I am so freaked out! My husband said this morning he wants to give his 2 nieces whom he hasnt seen for many years £6000 ($10000) each in cash! I said I will be on my own and may need that money - cant I give it to them in my will . He says NO and went on about how he took care of me in our marriage and took me overseas for years but that was his job. I have no family but you know how much everything costs these days. I am hurt and mad about this. They will only spend the money on vacations and hairdressers! What can I do?
Is your husband able to get to a bank on his own and do this without your help?
Do you have POA? Is your name on the accounts too?
You said you've been caring for your husband for many years. Does he realize that that money may be needed for his care if he wants to remain at home for the rest of his life?
I think it's also possible that he realizes he's dying and wants to reach out to long lost relatives; perhaps he feels some guilt in not maintaining relationships with them over the years.
However, I agree that he needs to provide for you first. And he definitely is not thinking clearly or reasonably.
I don't know if you could muster the courage to do this, but a good way to put this in perspective is to tell him that if he wants to give money to the nieces, you'll contact them, tell them his schedule and ask when they can be expected to come and take care of him, because you can't since you need to be looking for a job to support yourself after he's gone.
Despite the emotional pain you feel for his suffering, sometimes you do have to get tough to prevent someone from doing something irresponsible.
If he does have chemo brain, and although it will be unpleasant and you'll feel guilty, you might be able to have one of his doctors certify that the rads have affected his thinking so that you can use that statement to get control of his assets before they're frittered away.
I don't know what the procedure would be to do that in the UK.
OhJude, CountryMouse....any others here from the UK who can provide information on the issue of taking control of her husband's assets?
BTW, her post on the cancer issue is here:
https://www.agingcare.com/questions/get-strong-to-cope-with-husbands-terminal-lung-cancer-195450.htm
It helps to know the anguish she's undergoing now.

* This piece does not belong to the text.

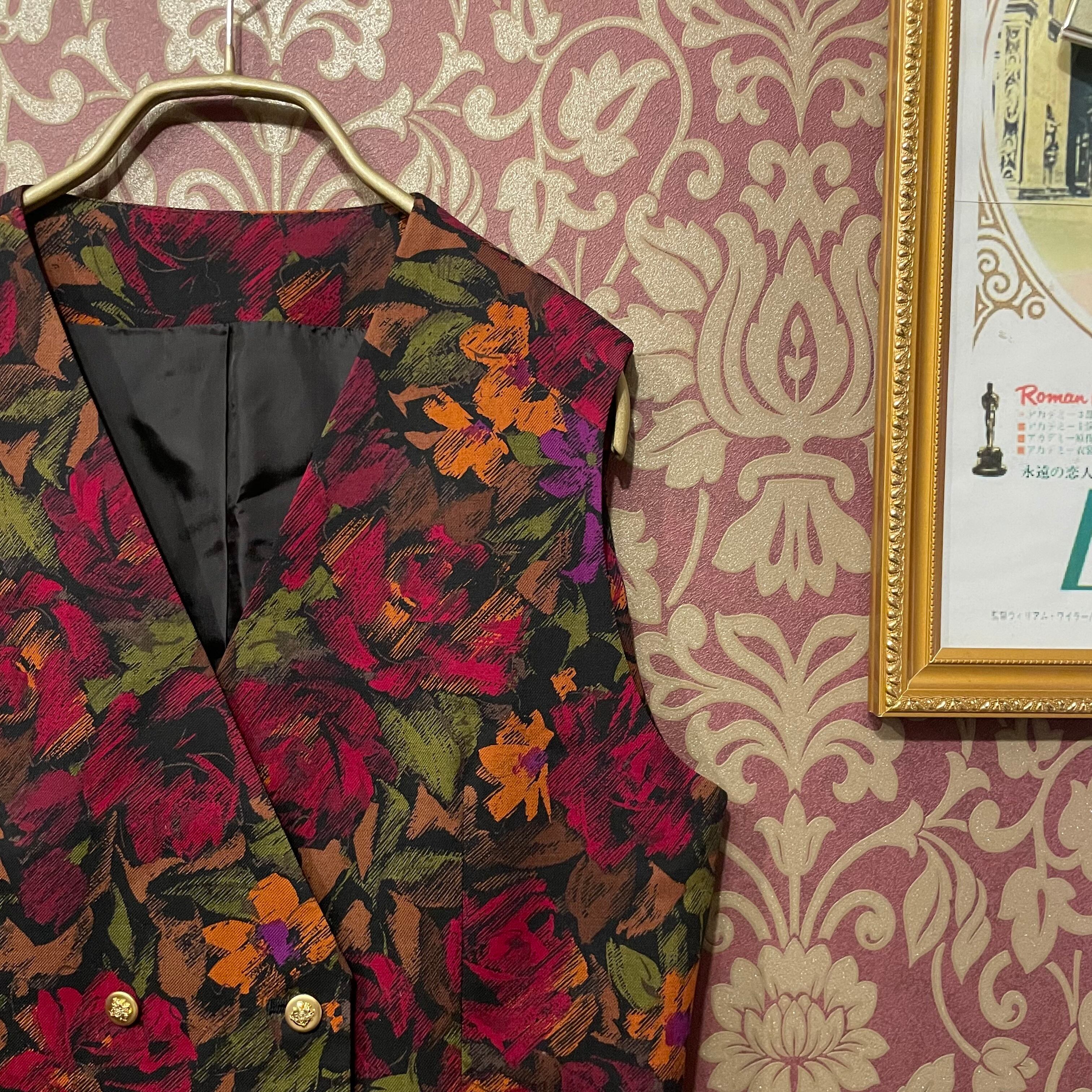 ベストはレトロなゴールドのダブルボタンで裾の尖ったメンズライクなデザインです。

Here in the State there is a huge class action lawsuit regarding asbestos that caused a medical condition known as mesothelioma. Check with a solicitors or barrister to see if the UK or the country you live in has this class action lawsuit.
Go to asbestos.com for more information. Do this immediately while your husband is still able to understand what he is reading regarding legal documents, or hopefully you have some type of Power of Attorney for him.
Yes its time to get tough though I did storm out of the place today - then had to return after an hour to see if he was OK!
(I cant update my profile as this site wont accept my UK postcode).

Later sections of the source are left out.